(TASK INSTRUCTIONS): Pictures stay out of the output. Return exactly the lines below from the one with "Tommy Hilfiger women's" down to the one with "第5次をもって義援金の配分は", both included, and nothing more.
::: MATERIAL SUPPLIED
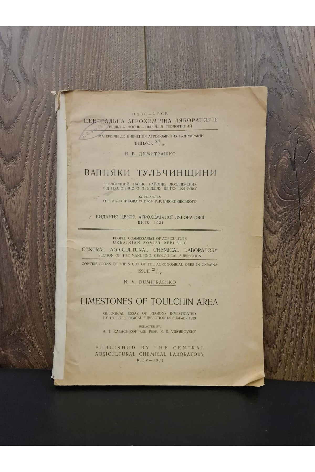 Редкая книга 1931 года, посвящённая геологическим исследованиям Тульчинского района.
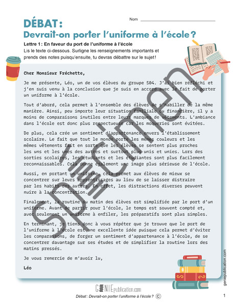 Dans cette activité, les élèves devront débattre sur le sujet du port de l’uniforme à l’école à l’aide de deux lettres écrites par des élèves à leur enseignant et enseignante. Pour ce faire, un élève ou un groupe d’élèves lit la première lettre, qui est en faveur du port de l’uniforme, tandis qu’un autre élève ou groupe d’élèves lit la seconde lettre, qui s’y oppose. Pendant la lecture, les élèves prennent des notes, puis le débat commence ! En s’appuyant sur les renseignements recueillis lors de la lecture, les élèves argumentent et discutent sur le sujet du port de l’uniforme à l’école. Pour terminer, l’élève ou le groupe d’élèves doit faire un résumé des arguments qui sont contraires à ceux du texte lu.
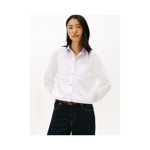 Tommy Hilfiger women's shirt. With a playful twist on a classic design, this boxy-fit shirt is designed with a contrast stripe collar. It's what we do best: timeless pieces made fresh for today.
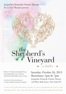 Set in 970 BC in Western Asia, The Shepherds Vineyard is a compelling love story of one king's secret passion for a peasant shepherd girl from the garden of En Gedi. This beautiful yet tragic love story is set to dance by choreographer Vivian Ullman and the Jacqueline Kennedy Onassis Dance Troupe. Written and produced by Producer/Composer Shandell King , this is a ballet you don't want to miss.
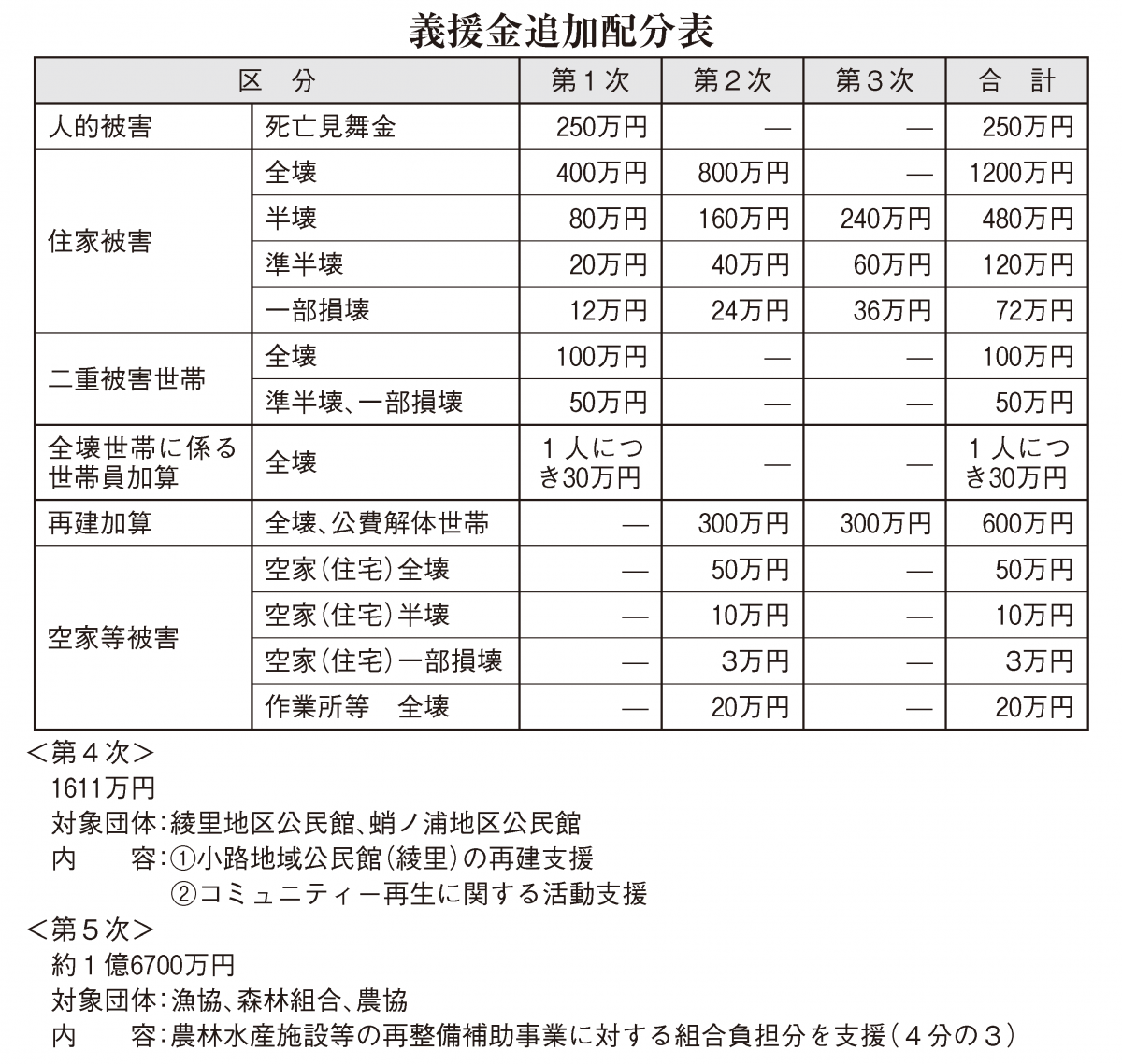 第5次をもって義援金の配分は終了。11月末時点での残額4億5637万円に関しては、被災した山林所有者の支援に充てる。土壌保持や保水力といった治山機能など、森林の公益的機能の低下が懸念される森林の災害復旧促進に向けて市の基金として積み立て、国の激甚災害指定に伴う森林災害復旧事業の対象とならない経費の支援に充てることにしている。
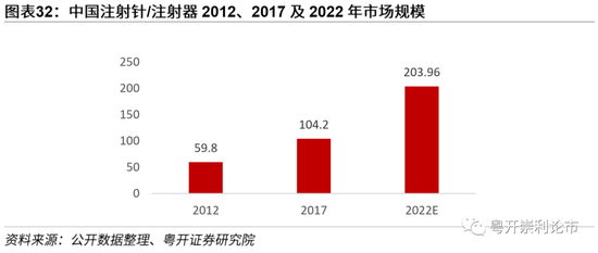 注射针/注射器主要用于对人体肌肉、皮下、静脉注射药液用,疫苗的接种主要使用注射针/注射器。由于注射针/注射器广泛应用于药物的输注治疗,而输注治疗作为临床上最常规的治疗手段,在就诊及住院患者中使用非常广泛,因此注射针/注射器是临床中最常规的医疗器械,市场需求量巨大。2012年,中国注射针/注射器市场规模在138.7 亿支左右,约合 59.8 亿元人民币,在未来十年内其使用数量的复合年均增长率有望达到12.4%,金额的复合增长率将达到11.8%。
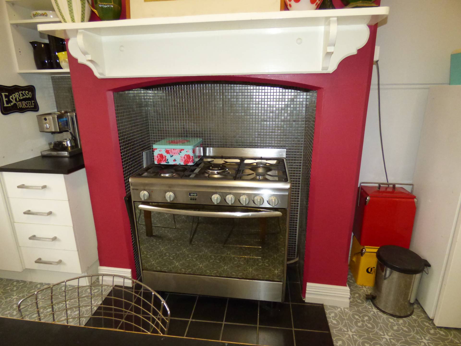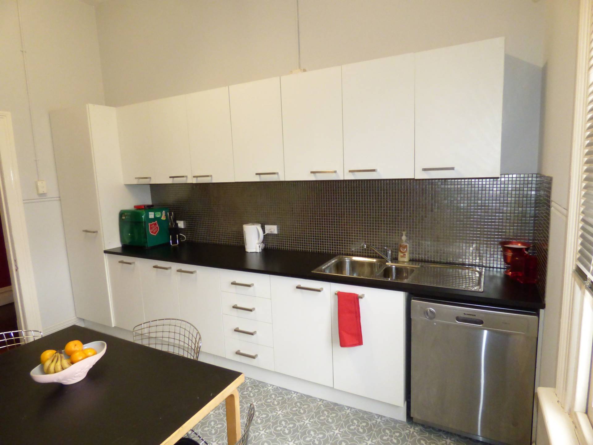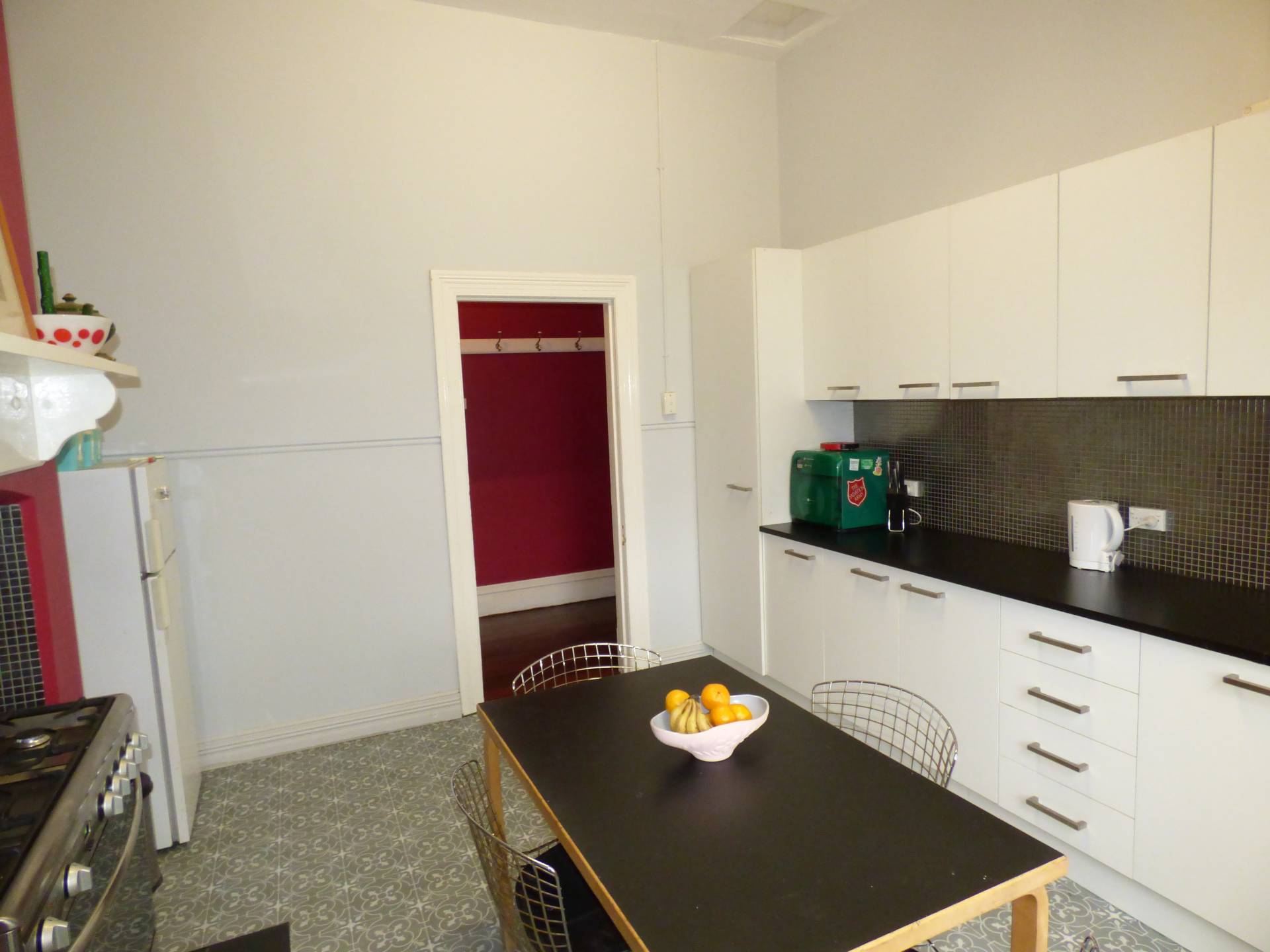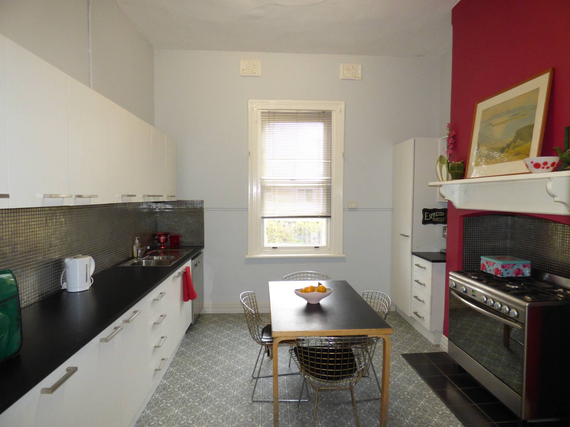 The functional kitchen has been fitted with a wall to wall benchtop work space along with both under bench and wall mounted cupboards as well as 2 tall kitchen pantries to either end of the space. The large gas 900ml stainless-steel free-standing oven is tucked away in the historical fireplace cove finishing off the kitchen with a fresh and spacious galley style appeal.
::::::
(RESPONSE):
 Tommy Hilfiger women's shirt. With a playful twist on a classic design, this boxy-fit shirt is designed with a contrast stripe collar. It's what we do best: timeless pieces made fresh for today.
 Set in 970 BC in Western Asia, The Shepherds Vineyard is a compelling love story of one king's secret passion for a peasant shepherd girl from the garden of En Gedi. This beautiful yet tragic love story is set to dance by choreographer Vivian Ullman and the Jacqueline Kennedy Onassis Dance Troupe. Written and produced by Producer/Composer Shandell King , this is a ballet you don't want to miss.
 第5次をもって義援金の配分は終了。11月末時点での残額4億5637万円に関しては、被災した山林所有者の支援に充てる。土壌保持や保水力といった治山機能など、森林の公益的機能の低下が懸念される森林の災害復旧促進に向けて市の基金として積み立て、国の激甚災害指定に伴う森林災害復旧事業の対象とならない経費の支援に充てることにしている。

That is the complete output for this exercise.